Study of elemental mercury re-emission through a lab-scale simulated scrubber

This paper describes a lab-scale simulated scrubber that was designed and built in the laboratory at Western Kentucky University’s Institute for Combustion Science and Environmental Technology. A series of tests on slurries of CaO, CaSO3, CaSO4/CaSO3 and Na2SO3 were carried out to simulate recirculating slurries in different oxidation modes. Elemental mercury (Hg0) re-emission was replicated through the simulated scrubber. The relationship between the oxidation–reduction potential (ORP) of the slurries and the Hg0 re-emissions was evaluated. Elemental mercury re-emission occurred when Hg2+ that was absorbed in the simulated scrubber was converted to Hg0; then, Hg0 was emitted from the slurry together with the carrier gas.
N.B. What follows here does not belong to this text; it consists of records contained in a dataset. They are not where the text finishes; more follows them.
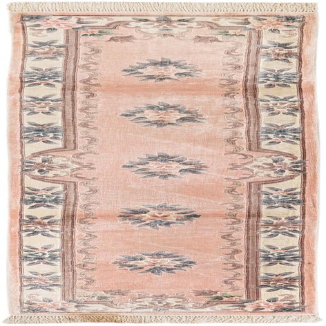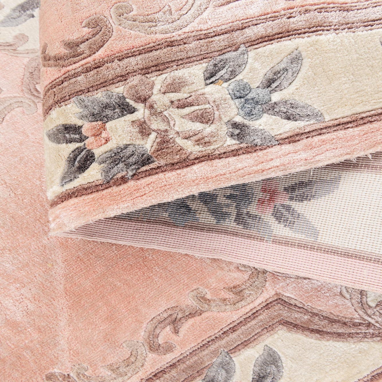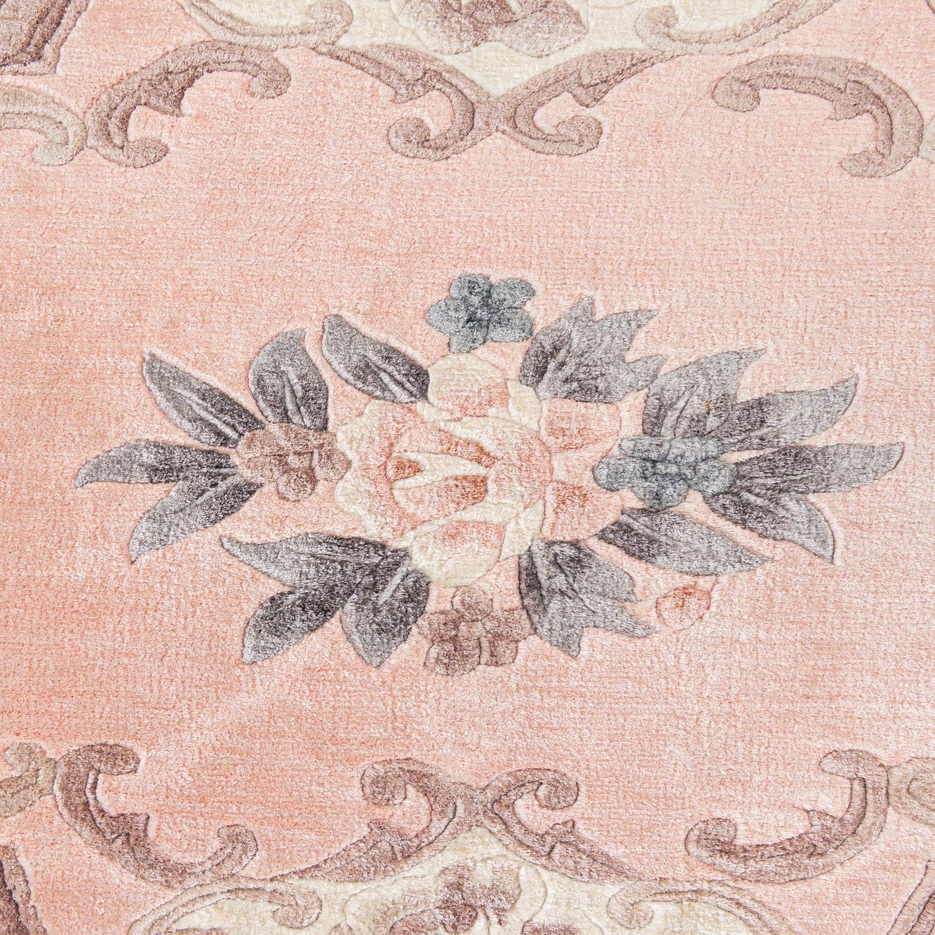 Primary color is Light Pink. Colors in this rug include: Light Pink, Brown, Ivory, Navy Blue, Green.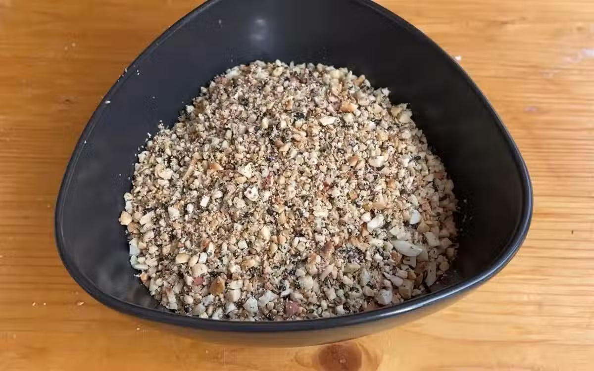 放涼的花生我們輕鬆就去掉花生衣,清理好的花生和黑白芝麻都倒進保鮮袋裡,搟麵杖搟碎,倒入碗里。
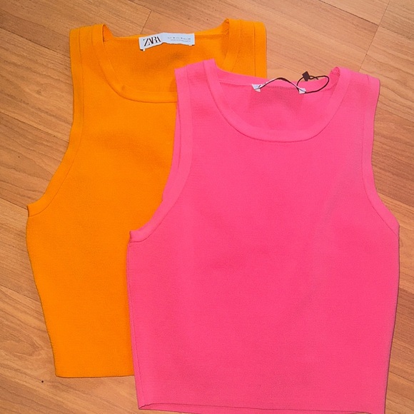 Bold sleeveless tops in bright orange and pink. Ideal for a vibrant style. Pink is brand new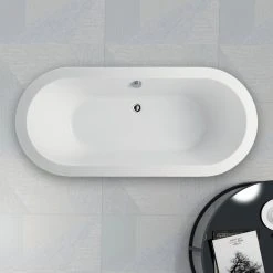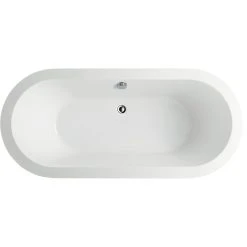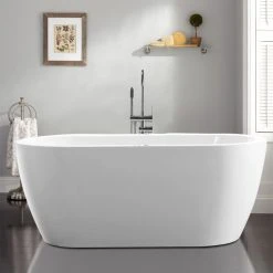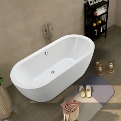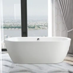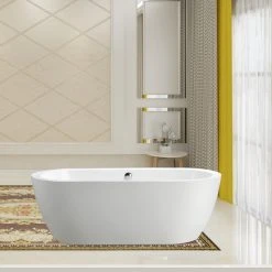 - 68″ freestanding tub with chrome pop-up drain, chrome overflow and flexible drain hose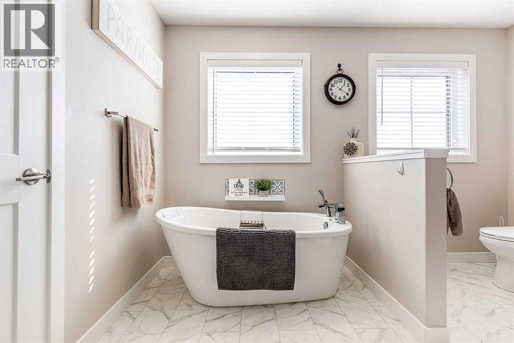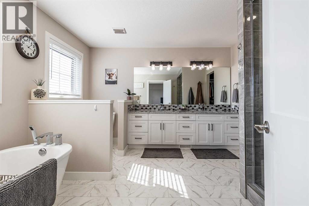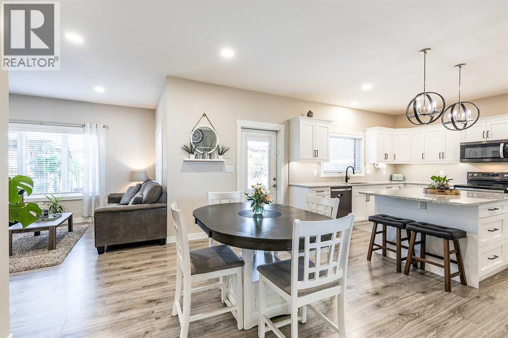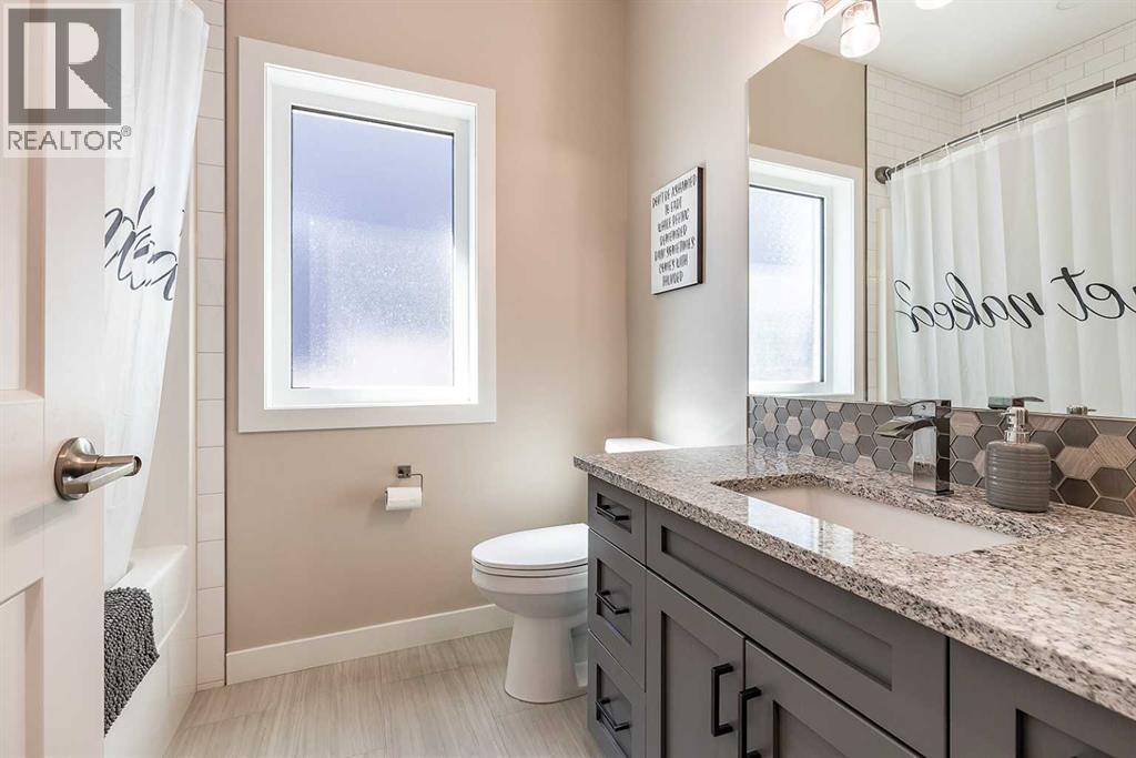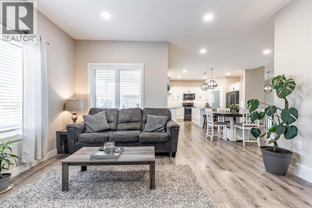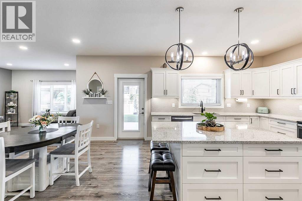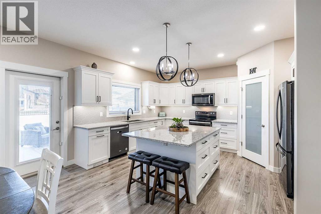 Welcome to 258 Ranchview Crescent NE – a stunning modified bi-level with undeniable curb appeal in the highly sought-after Ranchlands community. Backing onto a large green space and walking path, this home offers both privacy and a beautiful natural setting. Inside, you’ll find 4 bedrooms, 3 full bathrooms, and a thoughtfully designed open-concept main floor. The kitchen is a showstopper with white cabinetry, quartz countertops, a large centre island, tile backsplash, and a corner pantry. It flows seamlessly into the spacious dining area and cozy living room complete with a gas fireplace. A versatile main floor bedroom can serve as a guest room, office, gym, or playroom, and there’s also a full 4-piece bathroom and convenient main floor laundry. The private primary suite, located above the garage, is a true retreat. It features a spa-like 5-piece ensuite with double sinks, a standalone tub, and a walk-in shower, plus a large walk-in closet with custom built-ins. The fully developed basement offers even more living space with a large family room, two additional bedrooms, and another 4-piece bathroom.Step outside to enjoy the beautifully finished backyard with a large, covered patio, realistic artificial lawn, gazebo, and hot tub—plus direct access to the greenspace and walking path behind. The triple attached garage adds even more appeal, perfect for families and hobbyists alike. This property combines modern style, functionality, and an unbeatable location—truly a must-see! (31187620)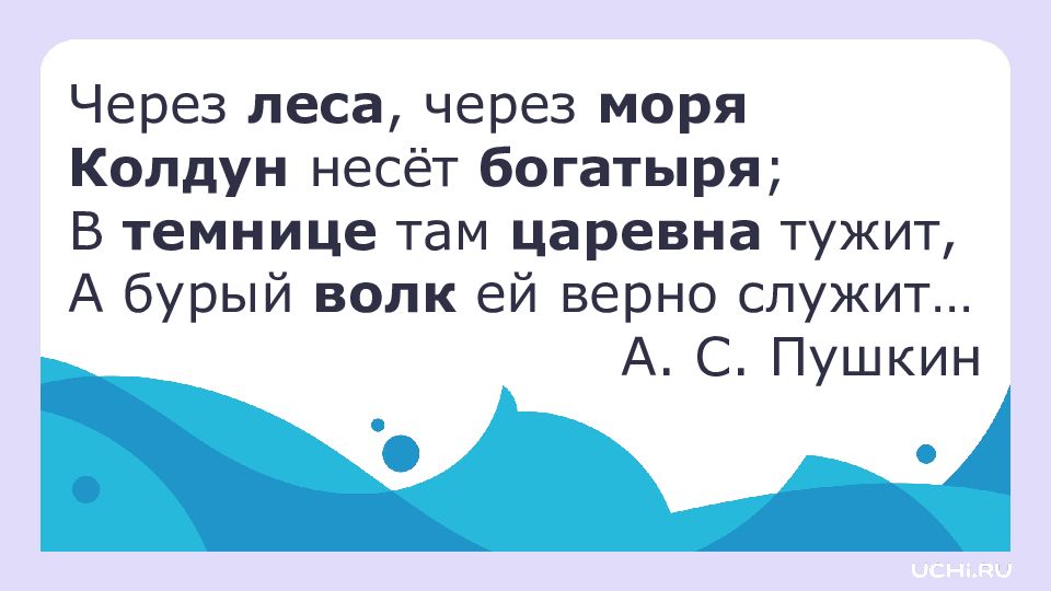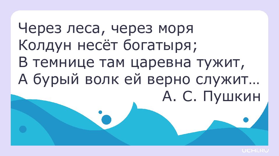 Через леса, через моря Колдун несёт богатыря ; В темнице там царевна тужит, А бурый волк ей верно служит… А. С. Пушкин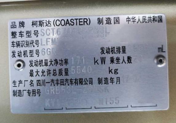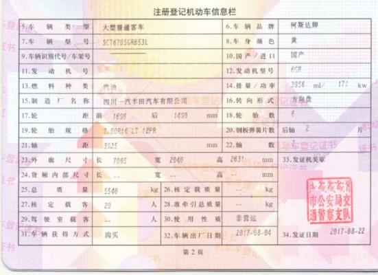 | 客车品牌 | 柯斯达客车 | 上牌时间 | 2017-08-18 |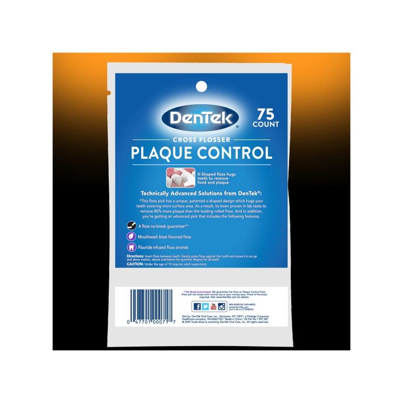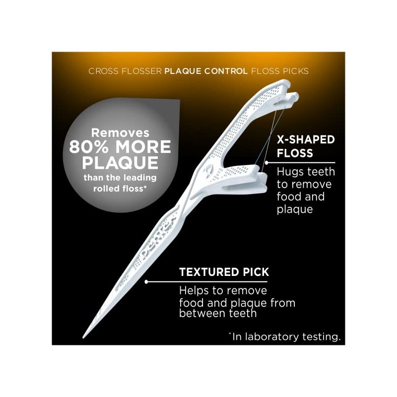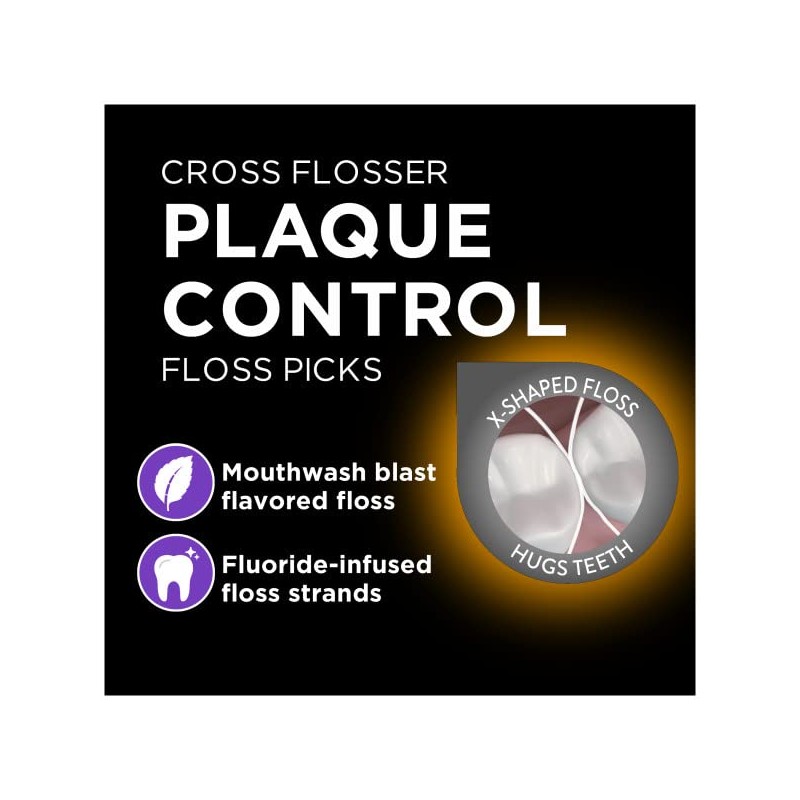 DenTek Cross Flosser Plaque Control Floss Picks feature X-Shaped floss that hugs teeth to remove food and plaque Removes 80% more plaque than the leading rolled floss* *In laboratory testing Unique 2x Cross Floss design curves around teeth to clean better Mouthwash blast flavored scrubbing floss infused with fluoride Floss no-break assurance – DenTek assures the floss on DenTek Cross Flosser Plaque Control Floss Picks will not break with normal use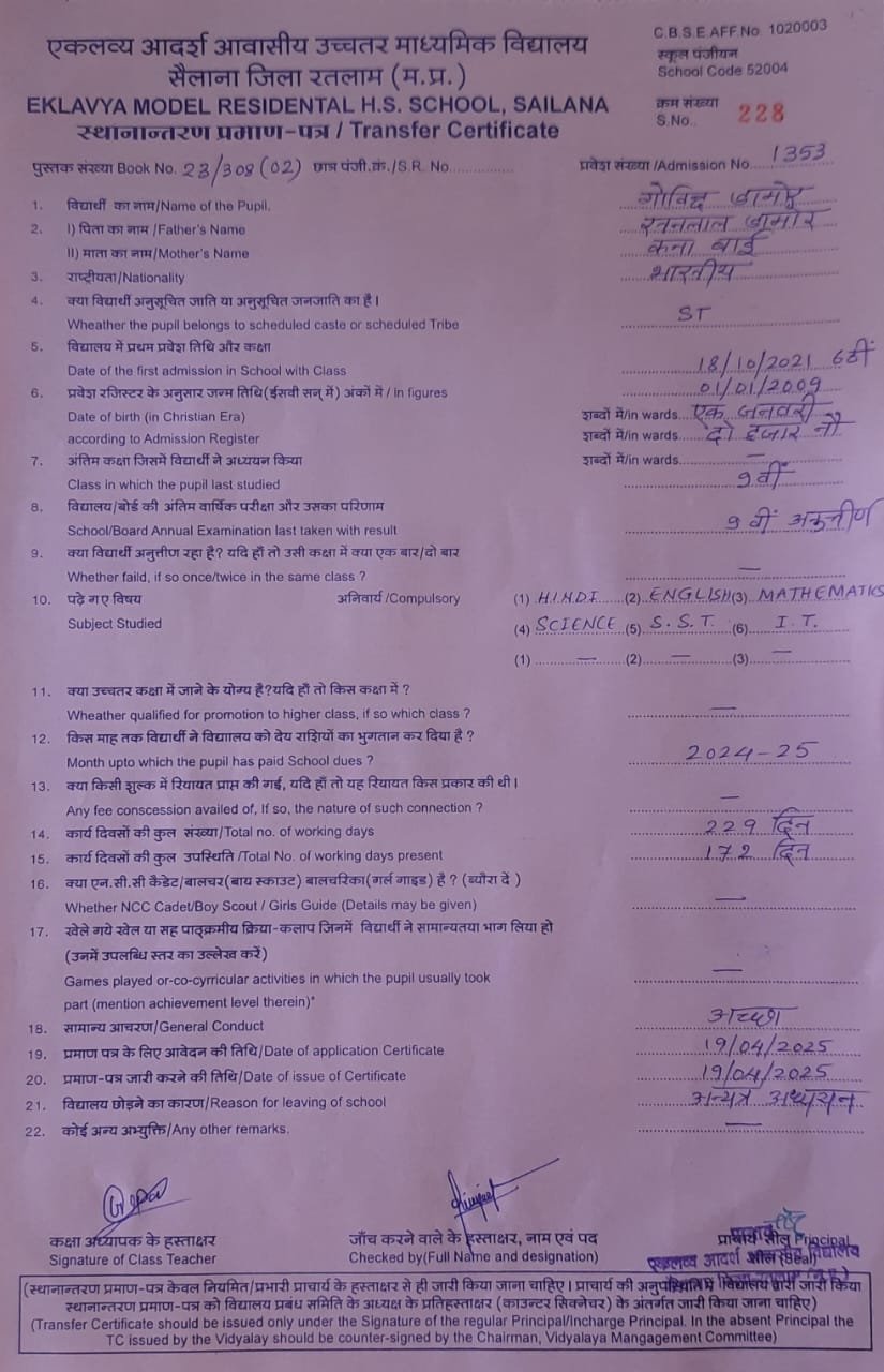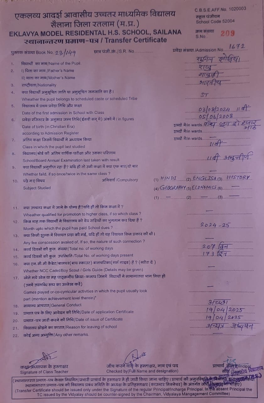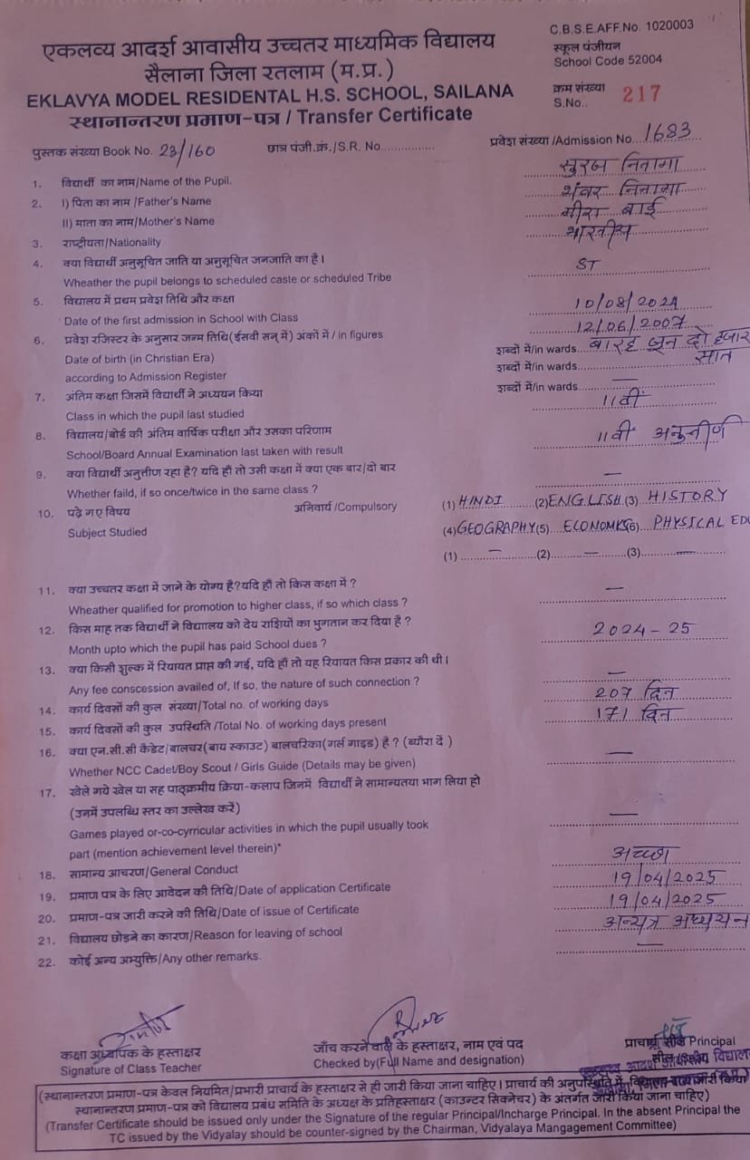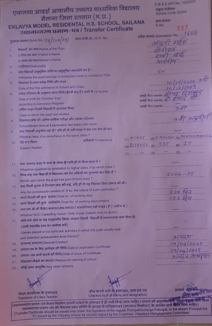 | 1662 | Sukhram Bhuriya | 19/04/2025 | 213 | 11th fail |  | | | | | | | | | | | | | | | | | | | |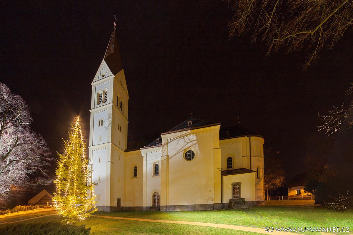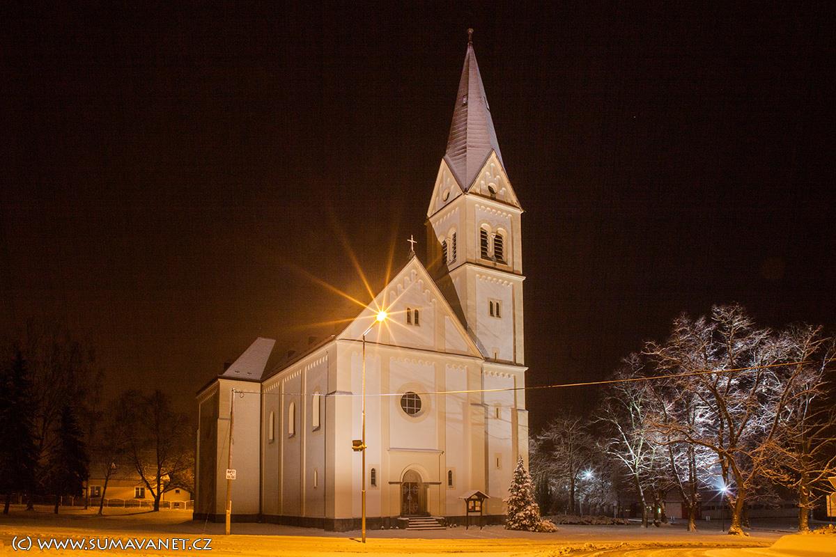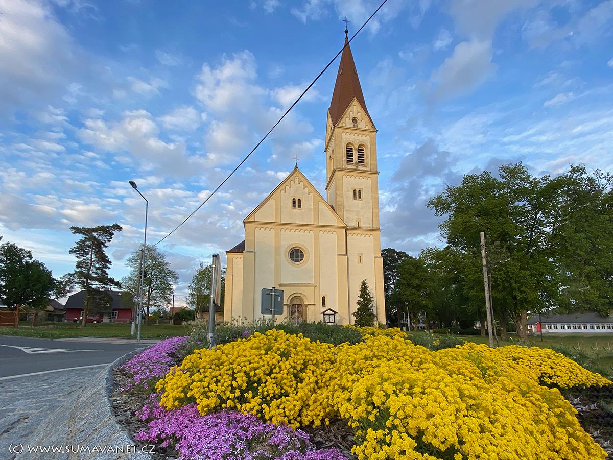 Kostel byl postaven na náměstí v samém centru obce v letech 1899 – 1901 a je tak jedním z nejmladších kostelů v okrese Klatovy. Původní kostel Sv. Anny již kapacitně nevyhovoval potřebám věřících ale trvalo sedm let než mohl být do pravého rohu budoucí věže položen 11. května 1899 posvěcený základní kámen a stavba za 75.000 zlatých zahájena. Tato na svou dobu poměrně vysoká částka ale nestačila na pořízení vnitřního vybavení a proto musela být mezi rodáky a místními občany udělána sbírka, která vynesla částku 1251 zlatých. Byl vybrán řezbář Jan Procházka z Příbrami, který zhotovil hlavní oltář se sochou Sv. Václava, opravil dva postranní oltáře s obrazy Sv. Tadeáše a Panny Marie Bolestné( kopie sušického klášterního obrazu), křtitelnici, kazatelnu a křížovou cestu. Spolu s tímto mobiliářem byly do nového kostela přeneseny i varhany z kostela Sv. Anny ale v roce 1906 byly pořízeny nové od firmy Jana Tučka z Kutné Hory.

The effects of both the reagents and the operational conditions (including the temperature, pH, and oxygen concentrations in the carrier gas) on the Hg0 re-emission rates in the simulated scrubber were investigated. The results indicated that as the operational temperature of the scrubber and the pH value of the slurry increased, the Hg0 concentrations that were emitted from the simulated scrubber increased. The Hg0 re-emission rates decreased as the O2 concentration in the carrier gas increased. In addition, the effects of additives to suppress Hg0 re-emission were evaluated in this paper. Sodium tetrasulfide, TMT 15, NaHS and HI were added to the slurry, while Hg2+, which was absorbed in the slurry, was retained in the slurry as mercury precipitates. Therefore, there was a significant capacity for the additives to suppress Hg0 re-emission.